国東半島の石造美術 (酒井冨蔵著)の目次では、国東半島の石造美術が以下のように分類されています。
・国東塔
・板碑(いたび)
・富貴寺笠塔婆
・宝篋印塔
・五輪塔
・宝塔
・層塔
・石塔
・無縫塔
・供養塔
・庚申塔
・石憧
・石殿
・石仏
・石室・石仏龕
・鳥居
・石灯籠
今回ご紹介する「梅の木磨崖地蔵尊(うめのきまがいじぞうそん)」は、上の分類の「石仏」のなかの「磨崖仏」に属します。
撮影:2016.2.17
場所:大分県豊後高田市夷
おおよその座標値:33.613937,131.550734
上の写真のように岩壁に庇がつくられており、この庇の下に「梅の木磨崖地蔵尊」が守られています。「梅の木磨崖地蔵尊」と称される石仏は、合計4基、岩壁に刻まれていて、左側から①比丘像・②地蔵尊・③比丘尼像・④比丘尼像というふうに並んでいます。
上の写真は②の地蔵尊をあらわしたもので、これが中尊(メインの石仏)となります。この石仏をはじめ、他の三基の像もすべて浮き彫りされています。召されている袈裟の襟(えり)にあたる部分に紅い色がのこっています。もしかしたら、像全体が彩色されていたのかもしれません。
地蔵尊は閉眼している様子がわかります。また鼻と口まわりのシワまでが確認できます。袈裟の右袖部分が、フワッともちあがり、衣類のやわらかさが伝わってくるようです。かなり細かい部分まで念入りに造られていたことがわかります。
地蔵尊にむかって左側の①比丘(びく)像は、②地蔵尊のほうに顔をむけています。比丘尼(びくに)に対して比丘は男性の僧侶という意味です。
↓②地蔵尊にむかって右側に③と④の比丘尼像が刻まれています。二基の比丘尼像も比丘像と同様に、地蔵尊へ顔をむけています。
①比丘像・③④比丘尼像は、②の地蔵尊ほどは細かい部分まで造りこまれていないように見えますが、風化がすすんだために、そのようにみえるだけかもしれません。

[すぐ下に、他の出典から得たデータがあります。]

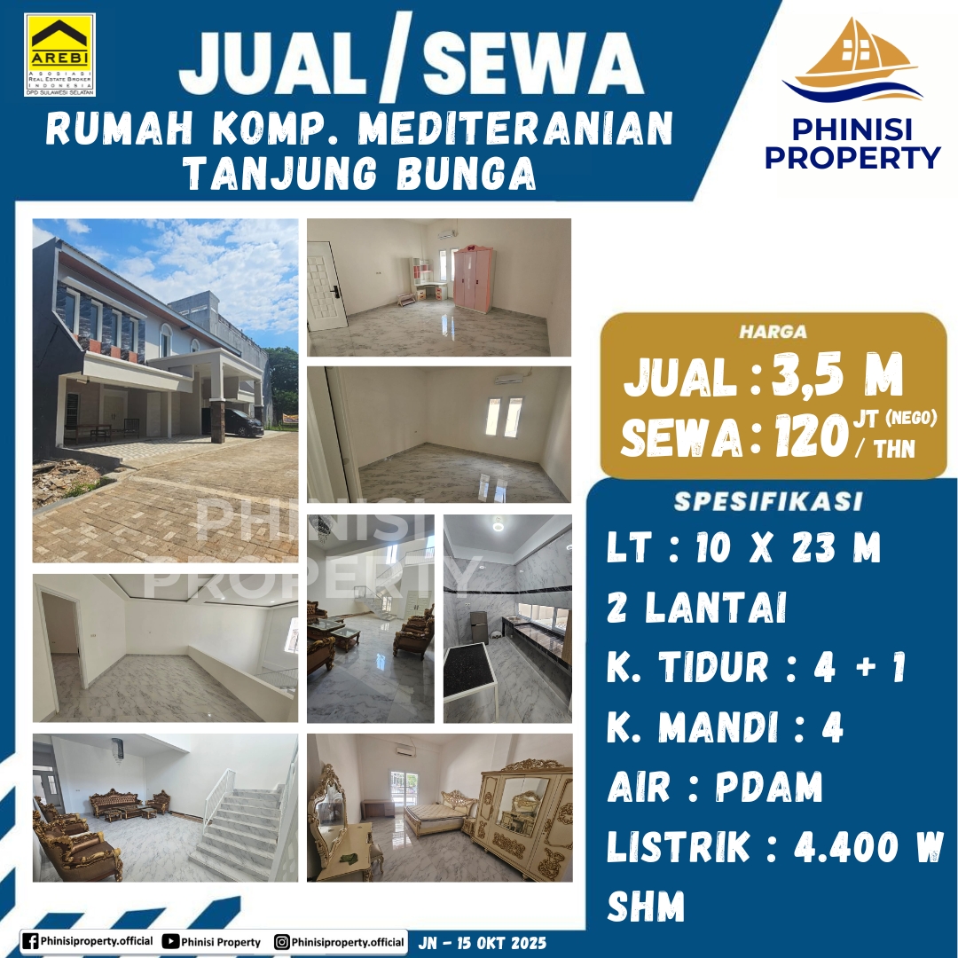 Dapatkan hunian mewah di Rumah Komp. Mediteranian Tanjung Bunga dengan pilihan skema Jual / Sewa yang strategis. Rumah 2 lantai ini menawarkan Luas Tanah (LT) 10 x 23 m dengan total luas 230 m2. Properti ini sangat ideal untuk keluarga besar, dilengkapi dengan 4+1 Kamar Tidur (KT) dan 4 Kamar Mandi (KM) yang memadai. Legalitas properti sudah terjamin dengan Sertifikat Hak Milik (SHM). Fasilitas pendukung mencakup daya Listrik 4.400 W dan pasokan Air PDAM yang lancar. Lokasi di kompleks elit Tanjung Bunga menjamin lingkungan yang aman dan nyaman, menjadikan properti ini aset investasi dan hunian yang premium.

二基の比丘尼像にむかって右側のものには、服のしわや顔の表情がかすかに確認できます。もともと、梅の木磨崖地蔵尊すべての像は精巧につくりこまれていたけど、風雨のあたり具合により風化のすすみ加減にちがいがでただけなのかもしれません。
比丘・比丘尼像ともに合掌し、地蔵尊をたたえているようにみえます。
地方一般の方々は地蔵堂の地蔵尊と称し、今なお現世および来世の幸福を祈っているようである(参照:国東半島の石造美術 (酒井冨蔵著)P217-218)
これら梅の木磨崖地蔵尊はいつごろに造られたのでしょう?案内板や書籍にはくわしい成立年は紹介されていません。

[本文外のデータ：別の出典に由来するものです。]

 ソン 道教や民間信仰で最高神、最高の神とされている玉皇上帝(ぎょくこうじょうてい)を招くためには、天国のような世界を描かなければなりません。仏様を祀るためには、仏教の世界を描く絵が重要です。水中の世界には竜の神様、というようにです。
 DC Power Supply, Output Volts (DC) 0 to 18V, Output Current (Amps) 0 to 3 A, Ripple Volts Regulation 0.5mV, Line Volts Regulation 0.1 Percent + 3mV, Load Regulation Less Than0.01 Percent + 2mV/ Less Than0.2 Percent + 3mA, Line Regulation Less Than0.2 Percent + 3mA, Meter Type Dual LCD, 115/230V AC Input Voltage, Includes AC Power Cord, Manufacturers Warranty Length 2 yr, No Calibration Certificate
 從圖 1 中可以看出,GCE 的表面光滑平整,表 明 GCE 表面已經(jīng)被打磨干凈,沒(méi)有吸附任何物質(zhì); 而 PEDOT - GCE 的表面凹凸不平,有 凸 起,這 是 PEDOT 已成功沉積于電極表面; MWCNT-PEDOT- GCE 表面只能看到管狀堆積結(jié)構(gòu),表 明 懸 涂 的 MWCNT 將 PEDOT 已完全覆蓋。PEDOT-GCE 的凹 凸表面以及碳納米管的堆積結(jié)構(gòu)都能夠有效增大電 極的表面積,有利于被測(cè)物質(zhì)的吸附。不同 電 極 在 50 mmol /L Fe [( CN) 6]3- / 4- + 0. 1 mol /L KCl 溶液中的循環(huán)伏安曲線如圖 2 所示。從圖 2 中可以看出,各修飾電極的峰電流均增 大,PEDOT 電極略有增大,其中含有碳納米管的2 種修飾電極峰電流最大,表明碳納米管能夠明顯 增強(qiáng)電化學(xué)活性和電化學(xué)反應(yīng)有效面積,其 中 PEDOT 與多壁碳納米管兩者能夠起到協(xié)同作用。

ただ案内板には「いつの頃の作か不詳だがこの地区にある別の磨崖像に南北朝期のものがいくつかあるのでその時代と推定している」とあります。
南北朝期とは何時代のものでしょう?1336年から1392年までの期間で室町時代にあたるようです参照。
「国東半島の石造美術(酒井冨蔵著)」P220には、石仏の時代ごとの特徴が紹介されており、わかりやすいので以下にまとめてみます。室町時代の石仏がどのような特徴をもっているのかが把握しやすいのではないかと思います。

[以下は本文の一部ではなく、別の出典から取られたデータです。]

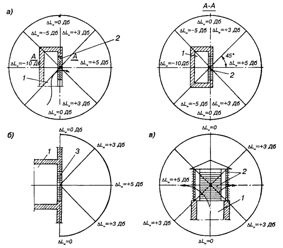 где Lвн i - уровень звукового давления в i-й октавной полосе у наружного ограждения внутри помещения с источниками шума, дБ; Soг - площадь наружного ограждения, м2; S0 = 1 м2; ∆Li - снижение уровня звукового давления при прохождении звука через наружное ограждение, дБ. Рисунок 3.2 - Показатель направленности излучения шума вентиляционных систем при выходе его в атмосферу а - всасывание или выпуск в одну сторону через жалюзи; б - то же, через решетку; в - равномерный выпуск во все стороны через жалюзи; 1 - шахта или канал; 2 - жалюзи; 3 - решетка Значения Lвн i определяют по формуле

この表をみると、梅の木磨崖地蔵尊がつくられた南北朝時代(室町時代)には、徐々に石仏は小規模化・形式化してきており、熊野磨崖仏のようなダイナミックな美しさはなくなってきていたと想像されます。
時代によって、信仰のはやりに温度差があり、その熱が高かったのは奈良・平安・鎌倉期であったのではないかと仮説をたててみます。この仮説をもとに、各時代の信仰の歴史をさぐっていってみようと思います。